→ **Excerpted records**

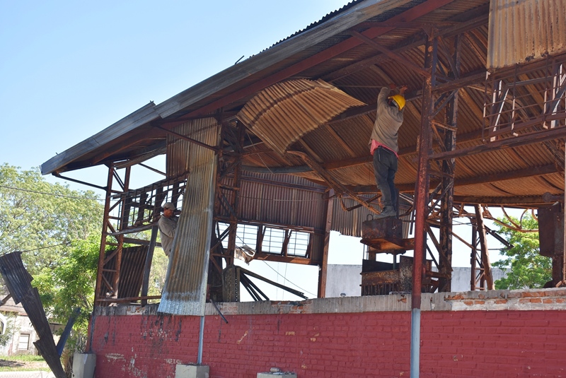 Los trabajos comenzaron con el desmontaje y demolición de todas las chapas de cierre y cubierta, procediendo al retiro de toda la estructura del techo, correas y cabreadas, y se quitarán las columnas centrales que sufrieron mayor deformación debido al fuego.
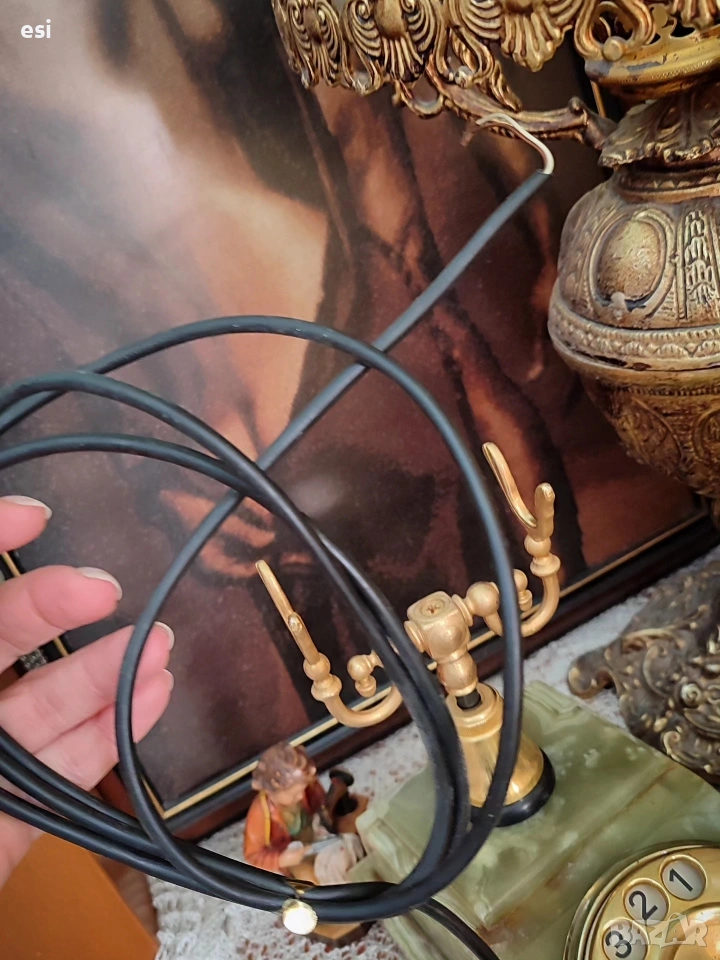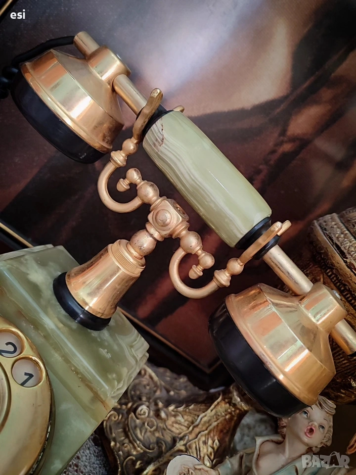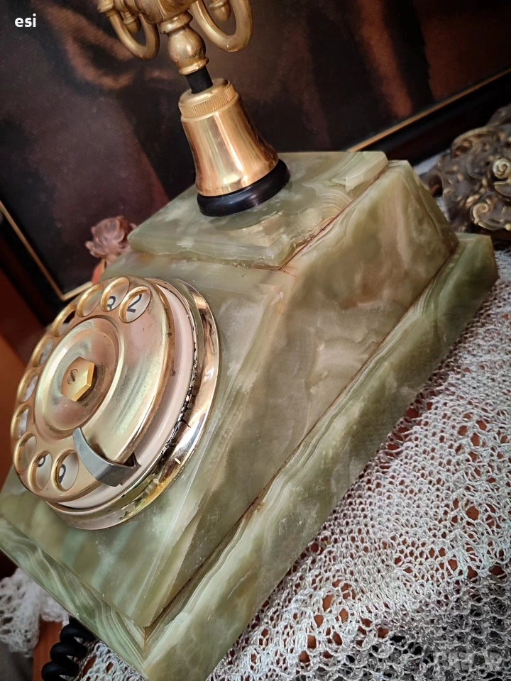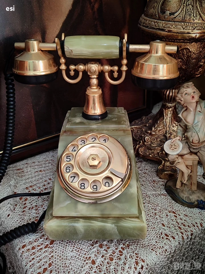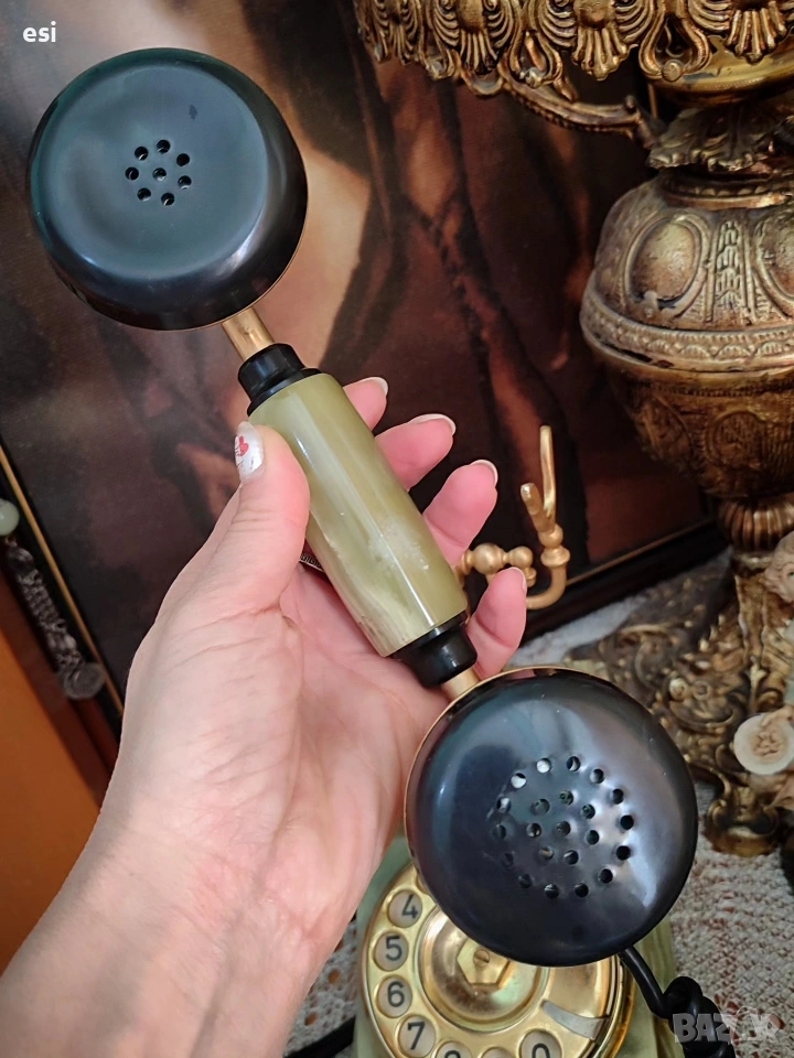 Античен ротационен телефон, изработен от естествен оникс и месингови детайли. Материали: Основата и дръжката на слушалката са изработени от масивен оникс (често в зелени или медени нюанси), а металните части от месинг Произход: Италия от 70-те години Цена 100 €
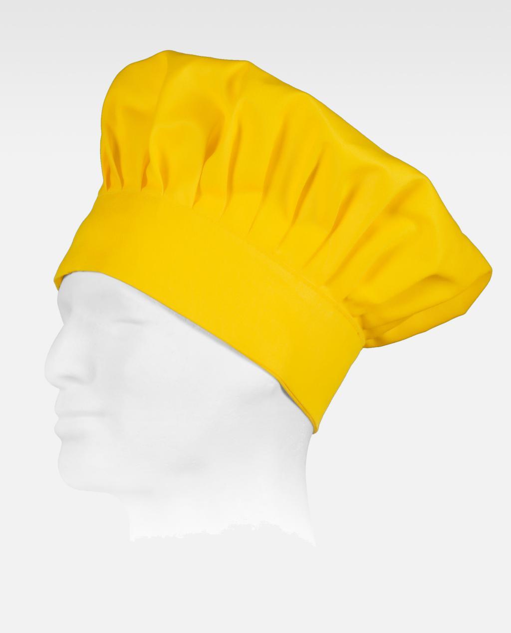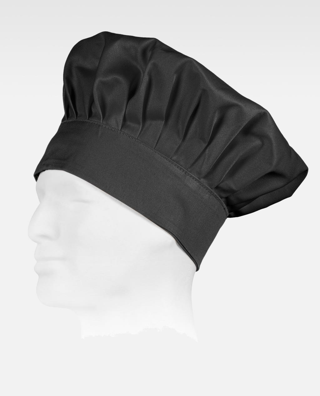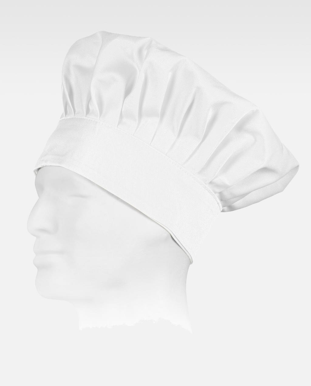 Gorro francês de cozinha estilo cogumelo. Dobras na parte superior e ajuste com velcro na parte posterior para uma melhor regulação
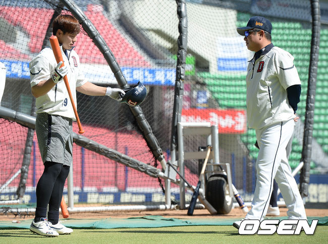 3일 오후 서울 잠실야구장에서 열린 '2015 타이어뱅크 KBO 리그' 두산 베어스와 KIA 타이거즈의 경기,경기시작전 두산 민병헌이 김태형 감독과 이야기를 나누고 있다.
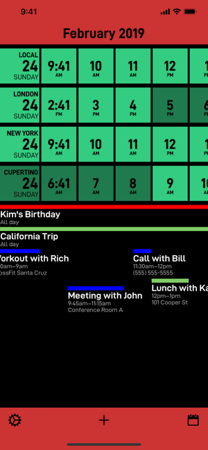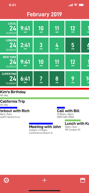 On the Apple Watch Calzones provides a rich timezone conversion tool. Turn the Digital Crown to compare the time in your selected places. Then once you find the time you are looking for you can tap any of the locations to quickly create an event at the time shown, right from your Apple Watch! Swipe to the right to see a list of your upcoming events all shown in one place. (Requires an Apple Watch)
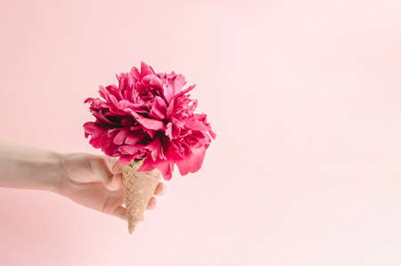 Wafer cup for ice cream with a peony flower in a woman's hand. Summer and summer gifts concept

→ **Work item**
Of the lines above, quote exactly those from the one with "Gorro francês de" through the one with "On the Apple", ends included; pictures stay out.

→ **Exercise answer**
 Gorro francês de cozinha estilo cogumelo. Dobras na parte superior e ajuste com velcro na parte posterior para uma melhor regulação
 3일 오후 서울 잠실야구장에서 열린 '2015 타이어뱅크 KBO 리그' 두산 베어스와 KIA 타이거즈의 경기,경기시작전 두산 민병헌이 김태형 감독과 이야기를 나누고 있다.
 On the Apple Watch Calzones provides a rich timezone conversion tool. Turn the Digital Crown to compare the time in your selected places. Then once you find the time you are looking for you can tap any of the locations to quickly create an event at the time shown, right from your Apple Watch! Swipe to the right to see a list of your upcoming events all shown in one place. (Requires an Apple Watch)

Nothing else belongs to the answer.